" Just one living cell in the human body is more complex than New York City."
This is what L.C. Pauling, the father of the chemical bond and Nobel Prize in Chemistry in 1954, said about the human cell.
Starting from this parallelism, I decided to start a new series of scientific pills entitled “Welcome to celltropolis”, with the aim of making it easier for non-experts to understand what happens inside our cells.
An ambitious and complex project, born from the need to counteract all those fake news that come up every day, providing the main and necessary notions to discern what is true from what is pure propaganda and falsehood.
To do this, I will use the parallelism with the metropolis proposed by the famous Nobel Prize almost 70 years ago. Obviously, it will be an exemplification of everything, because the structure known at that time was more complex than the city of New York, the one known now is much more so.

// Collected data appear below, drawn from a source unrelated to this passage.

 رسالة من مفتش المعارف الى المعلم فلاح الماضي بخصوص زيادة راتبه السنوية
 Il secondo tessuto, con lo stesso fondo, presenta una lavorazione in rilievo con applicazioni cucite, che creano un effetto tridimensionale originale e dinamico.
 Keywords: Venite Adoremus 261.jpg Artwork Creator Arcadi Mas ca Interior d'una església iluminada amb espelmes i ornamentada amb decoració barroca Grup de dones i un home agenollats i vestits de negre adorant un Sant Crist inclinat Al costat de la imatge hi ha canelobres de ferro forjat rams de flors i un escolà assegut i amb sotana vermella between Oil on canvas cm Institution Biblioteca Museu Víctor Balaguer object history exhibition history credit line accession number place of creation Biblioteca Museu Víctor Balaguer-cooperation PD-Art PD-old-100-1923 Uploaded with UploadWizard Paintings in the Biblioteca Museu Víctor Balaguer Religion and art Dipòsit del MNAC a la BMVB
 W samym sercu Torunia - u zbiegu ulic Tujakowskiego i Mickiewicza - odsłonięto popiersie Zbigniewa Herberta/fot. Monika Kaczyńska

As an introduction, imagine the cell as a large super-crowded metropolis (there are no empty spaces inside it) surrounded by walls with various drawbridges, watchtowers and a few holes.
Inside, there is another structure surrounded by walls (the nucleus) that contains the instructions for building and managing the entire metropolis (the DNA); it is the “fundamental” structure, without it there is no life, there is no metropolis, and for this reason it is protected by other walls. Confined between the two barricades, there are all the known cellular structures, and the lesser known ones, which interact with each other 24/7 to ensure that the cell can live and, in most cases, duplicate itself.

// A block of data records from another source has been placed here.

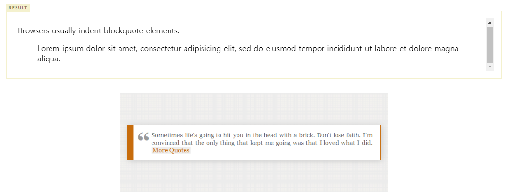 긴 인용문 블록을 지정한다. 브라우저는 blockquote 요소를 들여쓰기한다. css를 이용하여 다양한 style을 적용할 수 있다.
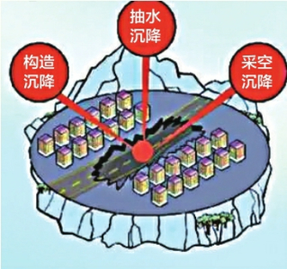 地面沉降是自然因素和人為因素綜合作用下形成的地面標(biāo)高損失。自然因素包括構(gòu)造下沉、地震、火山活動(dòng)、氣候變化、地應(yīng)力變化及土體自然固結(jié)等。人為因素主要包括開(kāi)發(fā)利用地下流體資源(地下水、石油、天然氣等)、開(kāi)采固體礦產(chǎn)、巖溶塌陷、軟土地區(qū)與工程建設(shè)有關(guān)的固結(jié)沉降等。
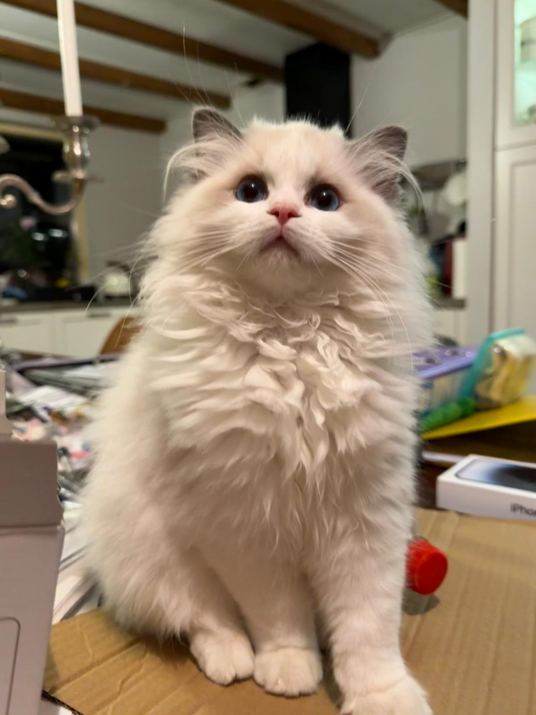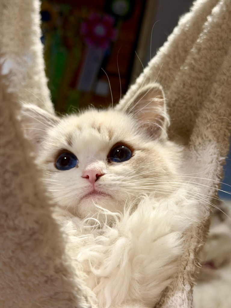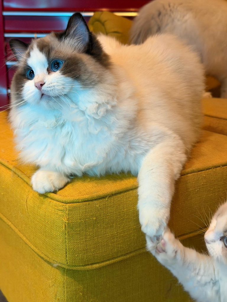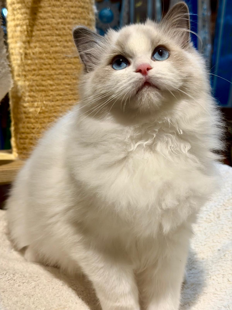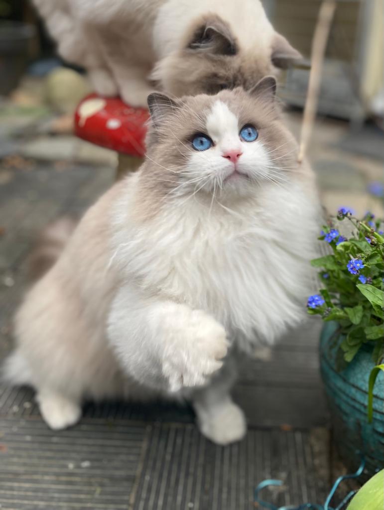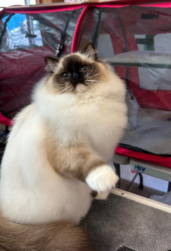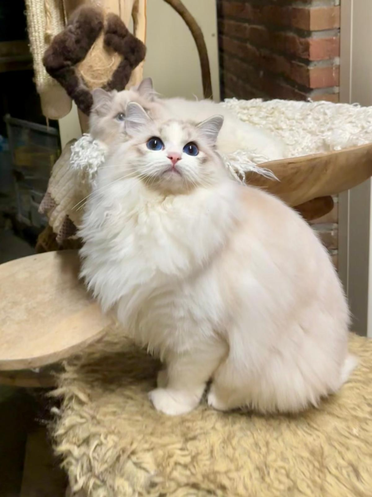 Bij ons is op 11-8-2024 June geboren een seal mitted poesje. Vader: Jaquet Marzog Mecoté kater afkomstig uit Noorwegen en Groot internationaal kampioen in de kleur Seal mitted. Moeder: Griet van de Hippe Kip Blue Bicolor ook bij ons in de Cattery geboren ze is International Champion. June gaat Griet vervangen, Griet gaat met pensioen. June heeft een super karakter net als haar ouders ze is relaxed en wil heel graag met je kroelen en spelen dat vind ze ook heel leuk ze heeft de super zijde zachte vacht zoals dat gewenst is bij de ragdoll. Ook June is al op show geweest en heeft mooie jury raporten ze is al Kitten Champion. Op de leeftijd van 1 jaar wordt ze onderzocht op HCM,PKD,Cin,five en Felv de DNA test is opgestuurd we wachten op de uitslag. June is een ster op show in de kittenklasse van 3 shows al 6x Best in show Ze mag zich dus nu de mooie Titel Junior Winner achter haar naam schrijven. Beste kitten van 2025 mag nu ook NW’25 voor haar naam schrijven.

After this little introductory hat on the cell, I will briefly explain what you will find in the coming months: each post will deal with a specific topic, which may be a specific cellular component (nucleus, mitochondria, …) or a cellular function (DNA replication, antiviral activity, protein production, …), explained trying to create similarities with the life of a metropolis as we know it.
I hope you find it interesting and useful.